The audience and the cast have a swinging good time in DISASTER! (Jeremy Daniel Photography)

Nederlander Theatre
208 West 41st St. between Seventh & Eighth Aves.
Tuesday – Sunday through July 3, $65-$179
877-250-2929
www.disastermusical.com

There has been many a disaster on Broadway; Disaster! is definitely not one of them. The delightful musical comedy, which began life as a one-night charity benefit in 2011 and then had off-Broadway runs at the Triad Theater in 2012 and St. Luke’s in 2013-14, has made a simply fabulous transition to the Great White Way, where it runs through July 3 at the Nederlander Theatre. The show has kept growing since initially conceived by Seth Rudetsky and Drew Geraci, with bigger and bigger stars and significant changes to the script and music; the Broadway version is by cowriter, music supervisor, song arranger, and costar Rudetsky and his best friend, cowriter and director Jack Plotnick, a longtime character actor in film and television. It’s 1979, and Tony Delvecchio (Roger Bart channeling Jack Black) is celebrating the opening of Barracuda, his floating casino and discotheque moored in New York Harbor. A chintzy showman and businessman, Tony has cut just about every corner possible, worrying journalist Marianne (Kerry Butler) and Professor Ted Schneider (Rudetsky), who is concerned that the ship could not survive a natural disaster, which is likely to occur shortly. Among those on deck are Sister Mary Downy (Jennifer Simard), who is protesting against the casino and its debauchery; Shirley (Faith Prince) and Maury (Kevin Chamberlin), an older couple with a fierce love of life; Levora (Lacretta Nicole), a down-on-her-luck former disco diva who goes everywhere with her beloved dog in her handbag; Chad (Adam Pascal), whom Marianne left at the altar and his now working as a waiter on the ship, and his goofy buddy, Scott (Max Crumm); and elegant but not-too-bright lounge singer Jackie (Rachel York) and her young twins, Ben and Lisa (both played in hilarious fashion by Baylee Littrell). The show pays tribute to the great, and not-so-great, disaster movies of the 1970s, ingeniously coupled with beloved, and not-so-beloved, pop songs from that era.

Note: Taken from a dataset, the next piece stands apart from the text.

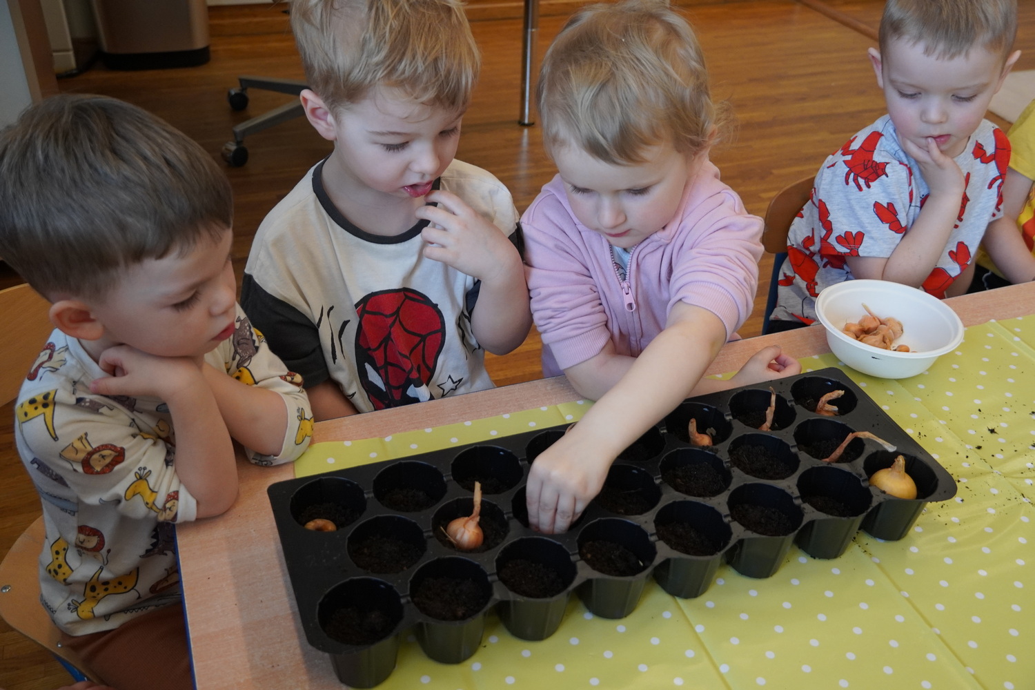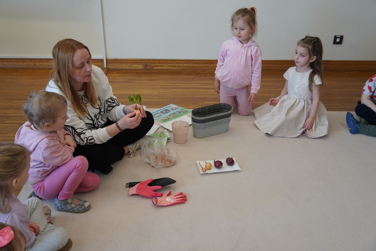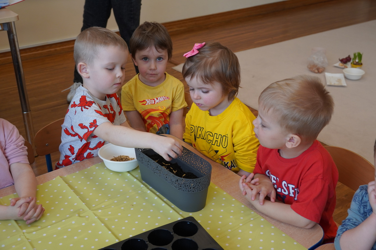 Chcąc przyśpieszyć przyjście wiosny maluszki postanowiły założyć w sali zielony, wiosenny ogródek. Zgromadziły potrzebne przybory (pojemniczki, doniczki, konewki), ziemię i nasionka. Przed przystąpieniem do pracy poznały warunki potrzebne roślinom do wzrostu. Następnie siały rzeżuchę, fasolkę i owies oraz sadziły cebulkę na szczypiorek. Po zasianiu i podlaniu rośliny zostały umieszczone na parapecie, a dzieci muszą pamiętać o ich podlewaniu oraz obserwować ich wzrost. Kiedy wyrosną będą źródłem witamin na kanapkach.
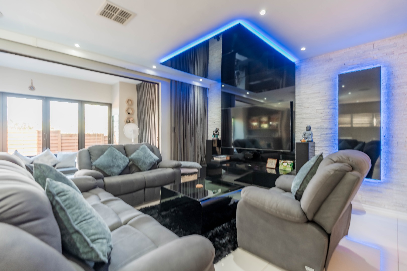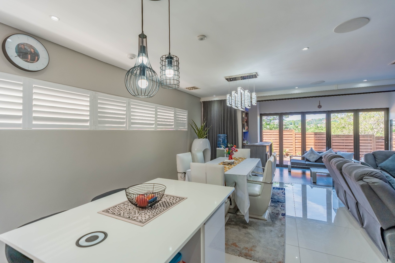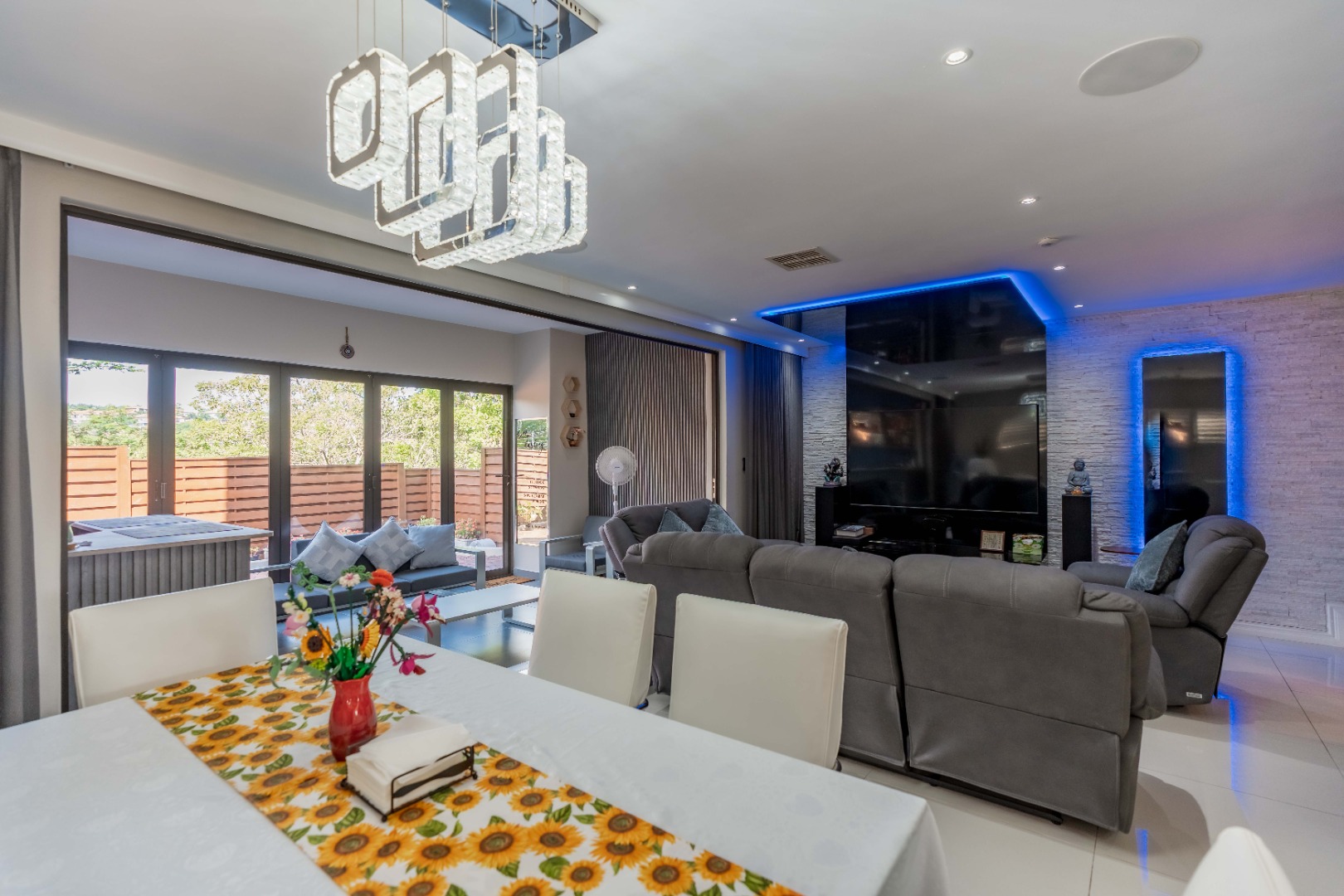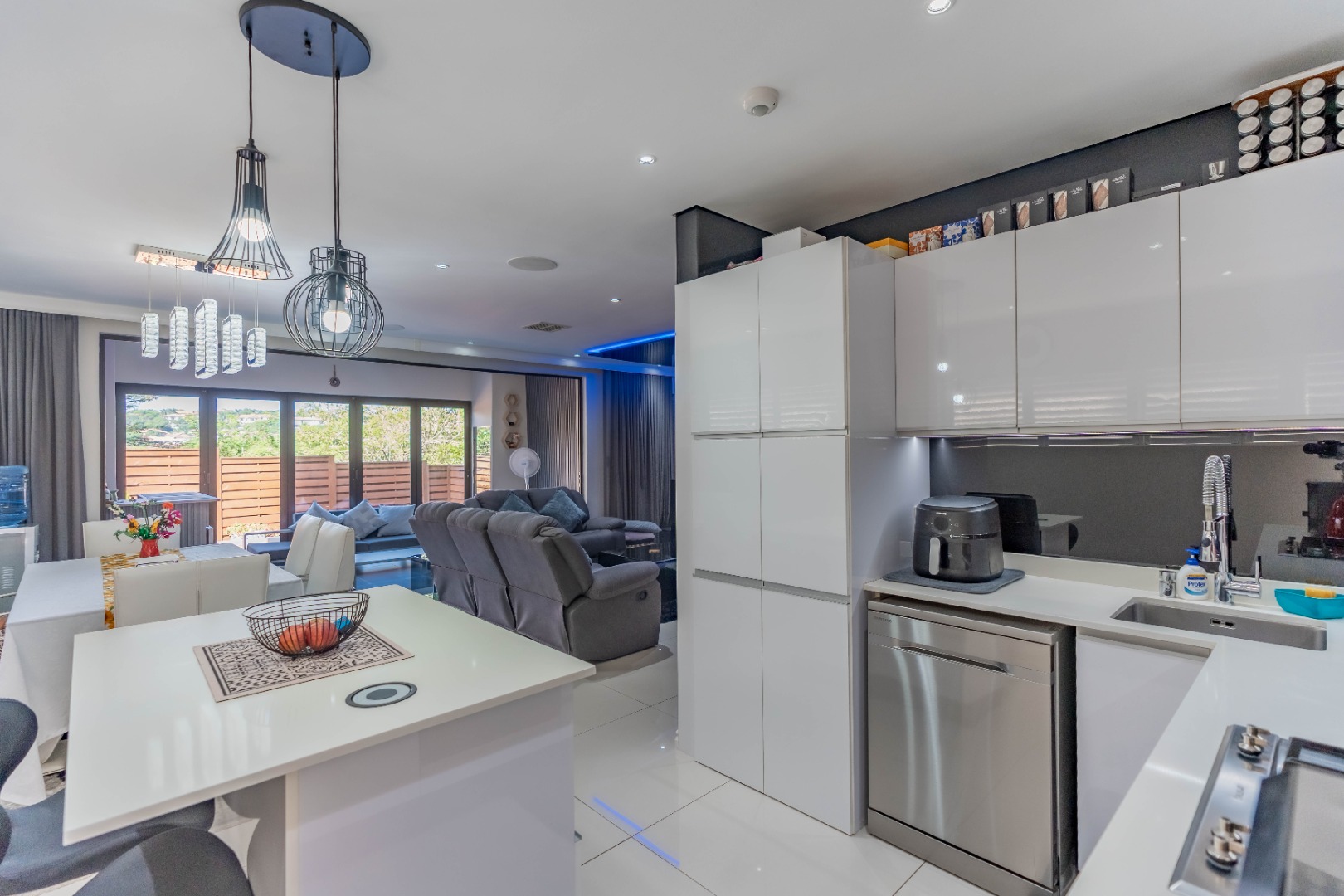 The double garage offers direct access into the home, leading into a spacious open-plan layout. The kitchen is fully fitted and includes a breakfast nook, flowing effortlessly into the dining and lounge areas, and out onto a covered patio with automated curtains and blinds and a built in bar, ideal for easy entertaining.

Jackie (Rachel York) prays for a morning after as Ted (Rudetsky) and Ben (Baylee Littrell) look on (Jeremy Daniel Photography)

Jackie (Rachel York) prays for a morning after as Ted (Rudetsky) and Ben (Baylee Littrell) look on (Jeremy Daniel Photography)

The main target is The Poseidon Adventure, but there are also references galore to the Airport films, The Towering Inferno, Earthquake, Rollercoaster, Tidal Wave, Piranha, and even Airplane! Simard’s nun character, speaking in a killer deadpan voice, is pulled directly from Jim Abrahams and David and Jerry Zucker’s classic 1980 spoof, while Prince excels in her homage to Shelley Winters in Poseidon. Meanwhile, the melodrama involving Marianne and Chad feels like a terrifically nerdy subplot from The Love Boat. The score features more than three dozen period favorites, delivered with extremely firm tongues-in-cheek, including Mary MacGregor’s “Torn Between Two Lovers,” Helen Reddy’s “I Am Woman,” Queen’s “You’re My Best Friend,” England Dan and John Ford Coley’s “I’d Really Love to See You Tonight,” Orleans’s “Still the One,” Carly Simon’s “Mockingbird,” and Donna Summer’s “Hot Stuff,” many of which become riotous set pieces, especially as things start looking more and more bleak and Tobin Obst’s (Newsies, Jekyll & Hyde) set begins falling apart with deliciously low-budget panache. The cast, superbly dressed by William Ivey Long (Chicago, On the Twentieth Century), does an amazing job keeping a straight face while the audience explodes in pure glee over each new reference or song snippet, which Rudetsky and Plotnick nail again and again. Littrell, the son of former Backstreet Boy Brian Littrell, nearly steals the show playing the twin siblings, going back and forth between Ben and Lisa in side-splitting, nearly impossible ways. The fun choreography is by JoAnn M. Hunter (School of Rock, Broadway Bound), who has a blast with the fab soundtrack. No mere jukebox musical, Disaster! is hot stuff indeed, a love letter to a simpler time and place; about the only thing missing is Sensurround.